• [How to complete this task]:
Transcribe the following entries word for word; no picture is to appear in the copy.

(Stored dataset items)
----
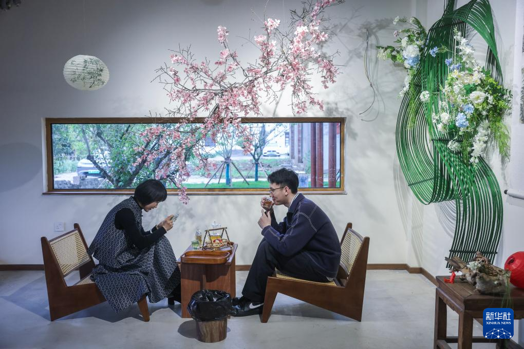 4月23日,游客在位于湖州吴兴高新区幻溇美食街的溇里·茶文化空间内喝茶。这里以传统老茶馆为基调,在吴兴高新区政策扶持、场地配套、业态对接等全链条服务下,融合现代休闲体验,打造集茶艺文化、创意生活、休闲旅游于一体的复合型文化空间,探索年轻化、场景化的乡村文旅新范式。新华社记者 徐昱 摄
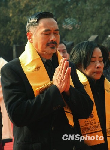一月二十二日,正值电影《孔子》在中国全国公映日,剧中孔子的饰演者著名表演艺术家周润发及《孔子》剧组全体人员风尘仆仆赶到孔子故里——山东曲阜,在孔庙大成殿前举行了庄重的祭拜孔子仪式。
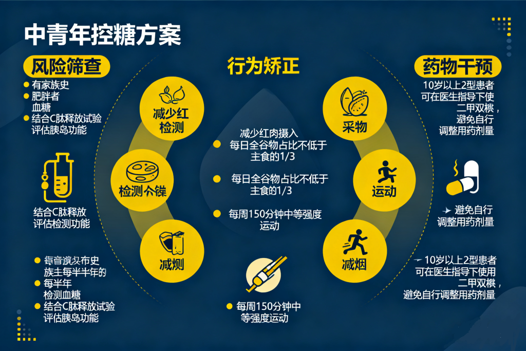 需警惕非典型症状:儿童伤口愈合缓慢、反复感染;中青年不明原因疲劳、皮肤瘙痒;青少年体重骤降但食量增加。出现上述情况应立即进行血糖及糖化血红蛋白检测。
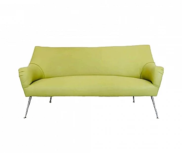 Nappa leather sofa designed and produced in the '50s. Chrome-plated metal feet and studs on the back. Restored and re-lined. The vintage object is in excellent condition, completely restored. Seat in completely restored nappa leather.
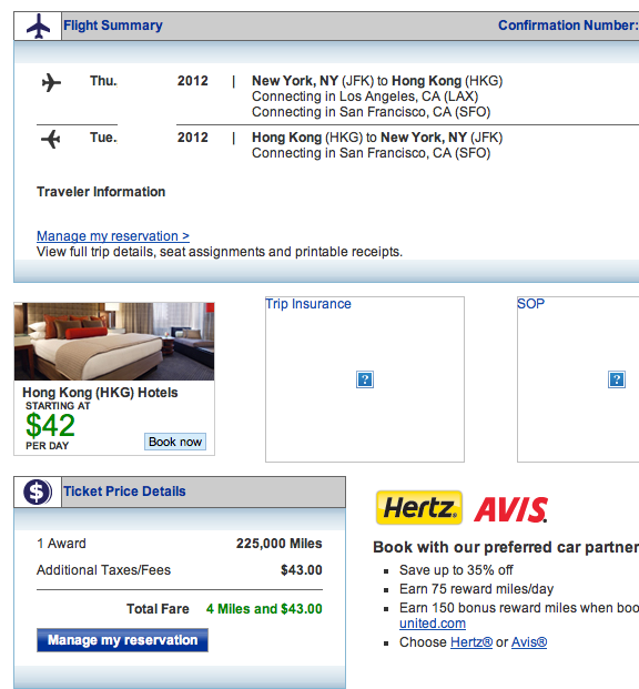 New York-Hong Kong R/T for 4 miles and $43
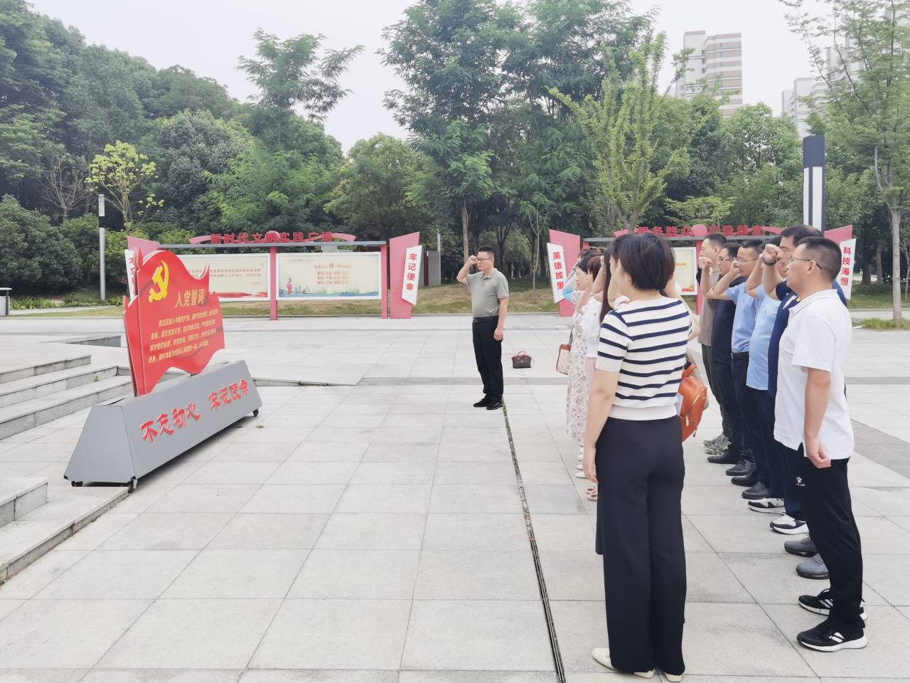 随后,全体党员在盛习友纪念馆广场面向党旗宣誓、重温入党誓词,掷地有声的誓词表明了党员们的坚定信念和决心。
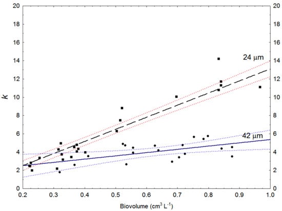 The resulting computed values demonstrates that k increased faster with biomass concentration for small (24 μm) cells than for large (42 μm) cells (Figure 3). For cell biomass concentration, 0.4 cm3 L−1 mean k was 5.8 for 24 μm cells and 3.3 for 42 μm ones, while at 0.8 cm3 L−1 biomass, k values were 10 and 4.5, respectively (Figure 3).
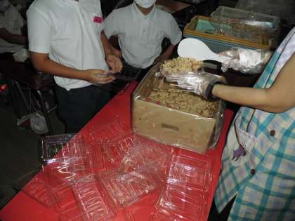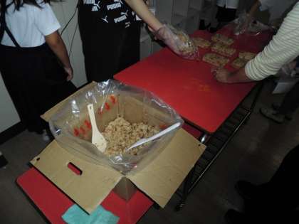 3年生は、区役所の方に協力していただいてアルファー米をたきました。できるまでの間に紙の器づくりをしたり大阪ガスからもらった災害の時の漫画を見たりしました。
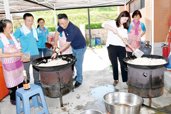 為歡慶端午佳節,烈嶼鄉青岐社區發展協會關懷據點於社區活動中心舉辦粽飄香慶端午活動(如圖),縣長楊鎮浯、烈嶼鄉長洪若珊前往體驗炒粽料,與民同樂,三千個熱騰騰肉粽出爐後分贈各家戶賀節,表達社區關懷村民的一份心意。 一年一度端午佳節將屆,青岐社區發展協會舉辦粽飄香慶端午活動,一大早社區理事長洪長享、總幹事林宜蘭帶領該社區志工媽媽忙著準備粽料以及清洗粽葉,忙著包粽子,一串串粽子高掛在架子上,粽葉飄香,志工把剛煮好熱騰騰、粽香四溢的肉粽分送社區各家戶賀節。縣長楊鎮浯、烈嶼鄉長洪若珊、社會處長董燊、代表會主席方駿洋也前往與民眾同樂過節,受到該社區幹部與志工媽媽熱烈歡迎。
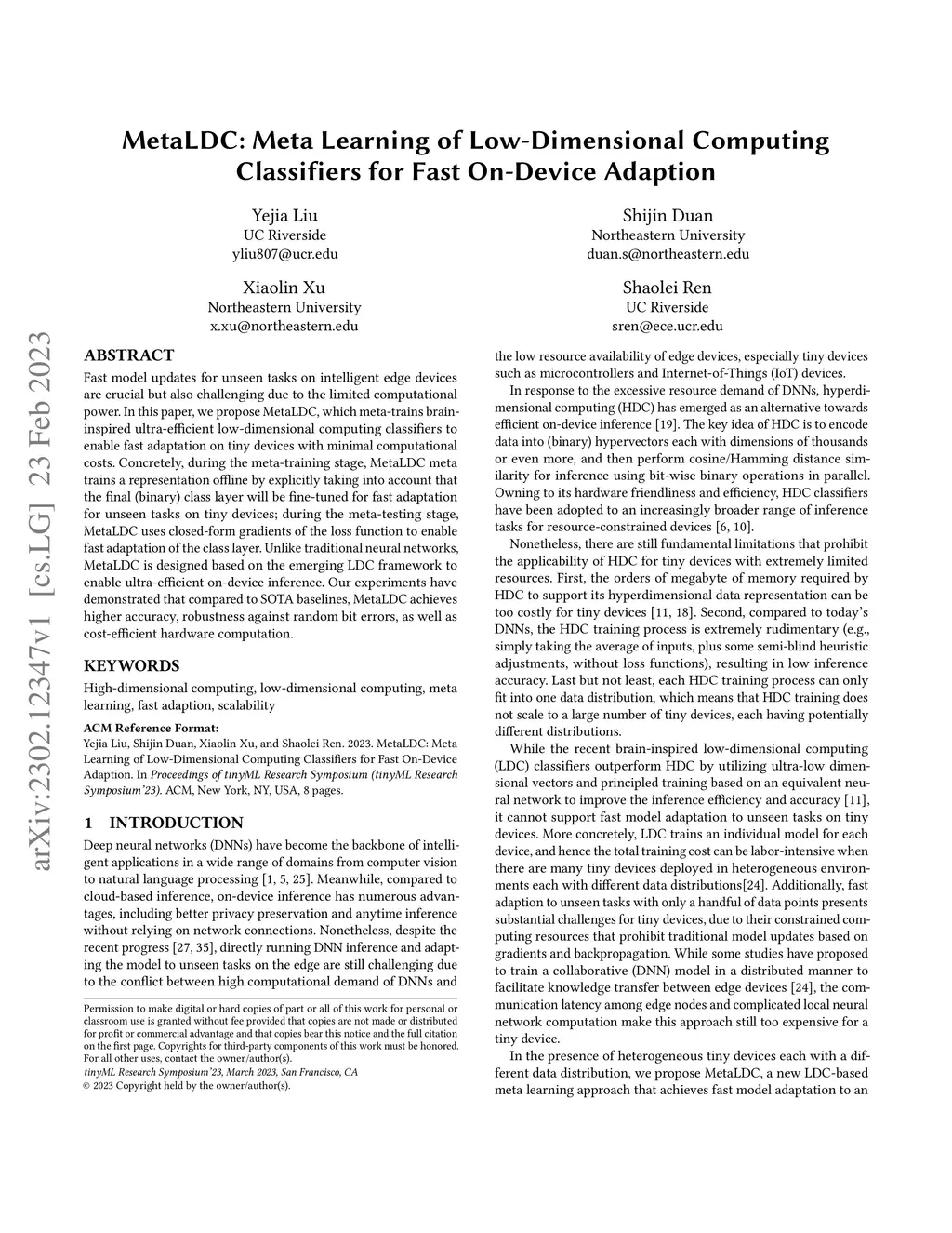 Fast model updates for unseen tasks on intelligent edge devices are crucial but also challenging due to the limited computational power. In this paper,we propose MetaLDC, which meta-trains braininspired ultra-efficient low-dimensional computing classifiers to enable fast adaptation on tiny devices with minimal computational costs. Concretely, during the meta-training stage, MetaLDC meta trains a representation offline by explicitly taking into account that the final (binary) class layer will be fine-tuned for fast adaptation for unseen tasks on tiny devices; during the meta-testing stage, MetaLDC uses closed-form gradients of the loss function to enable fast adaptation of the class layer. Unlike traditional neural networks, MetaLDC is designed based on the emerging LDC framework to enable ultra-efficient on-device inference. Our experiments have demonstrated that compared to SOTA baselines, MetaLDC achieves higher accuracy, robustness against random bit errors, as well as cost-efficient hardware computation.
----
• [Task answer]:
 4月23日,游客在位于湖州吴兴高新区幻溇美食街的溇里·茶文化空间内喝茶。这里以传统老茶馆为基调,在吴兴高新区政策扶持、场地配套、业态对接等全链条服务下,融合现代休闲体验,打造集茶艺文化、创意生活、休闲旅游于一体的复合型文化空间,探索年轻化、场景化的乡村文旅新范式。新华社记者 徐昱 摄
一月二十二日,正值电影《孔子》在中国全国公映日,剧中孔子的饰演者著名表演艺术家周润发及《孔子》剧组全体人员风尘仆仆赶到孔子故里——山东曲阜,在孔庙大成殿前举行了庄重的祭拜孔子仪式。
 需警惕非典型症状:儿童伤口愈合缓慢、反复感染;中青年不明原因疲劳、皮肤瘙痒;青少年体重骤降但食量增加。出现上述情况应立即进行血糖及糖化血红蛋白检测。
 Nappa leather sofa designed and produced in the '50s. Chrome-plated metal feet and studs on the back. Restored and re-lined. The vintage object is in excellent condition, completely restored. Seat in completely restored nappa leather.
 New York-Hong Kong R/T for 4 miles and $43
 随后,全体党员在盛习友纪念馆广场面向党旗宣誓、重温入党誓词,掷地有声的誓词表明了党员们的坚定信念和决心。
 The resulting computed values demonstrates that k increased faster with biomass concentration for small (24 μm) cells than for large (42 μm) cells (Figure 3). For cell biomass concentration, 0.4 cm3 L−1 mean k was 5.8 for 24 μm cells and 3.3 for 42 μm ones, while at 0.8 cm3 L−1 biomass, k values were 10 and 4.5, respectively (Figure 3).
 3年生は、区役所の方に協力していただいてアルファー米をたきました。できるまでの間に紙の器づくりをしたり大阪ガスからもらった災害の時の漫画を見たりしました。
 為歡慶端午佳節,烈嶼鄉青岐社區發展協會關懷據點於社區活動中心舉辦粽飄香慶端午活動(如圖),縣長楊鎮浯、烈嶼鄉長洪若珊前往體驗炒粽料,與民同樂,三千個熱騰騰肉粽出爐後分贈各家戶賀節,表達社區關懷村民的一份心意。 一年一度端午佳節將屆,青岐社區發展協會舉辦粽飄香慶端午活動,一大早社區理事長洪長享、總幹事林宜蘭帶領該社區志工媽媽忙著準備粽料以及清洗粽葉,忙著包粽子,一串串粽子高掛在架子上,粽葉飄香,志工把剛煮好熱騰騰、粽香四溢的肉粽分送社區各家戶賀節。縣長楊鎮浯、烈嶼鄉長洪若珊、社會處長董燊、代表會主席方駿洋也前往與民眾同樂過節,受到該社區幹部與志工媽媽熱烈歡迎。
 Fast model updates for unseen tasks on intelligent edge devices are crucial but also challenging due to the limited computational power. In this paper,we propose MetaLDC, which meta-trains braininspired ultra-efficient low-dimensional computing classifiers to enable fast adaptation on tiny devices with minimal computational costs. Concretely, during the meta-training stage, MetaLDC meta trains a representation offline by explicitly taking into account that the final (binary) class layer will be fine-tuned for fast adaptation for unseen tasks on tiny devices; during the meta-testing stage, MetaLDC uses closed-form gradients of the loss function to enable fast adaptation of the class layer. Unlike traditional neural networks, MetaLDC is designed based on the emerging LDC framework to enable ultra-efficient on-device inference. Our experiments have demonstrated that compared to SOTA baselines, MetaLDC achieves higher accuracy, robustness against random bit errors, as well as cost-efficient hardware computation.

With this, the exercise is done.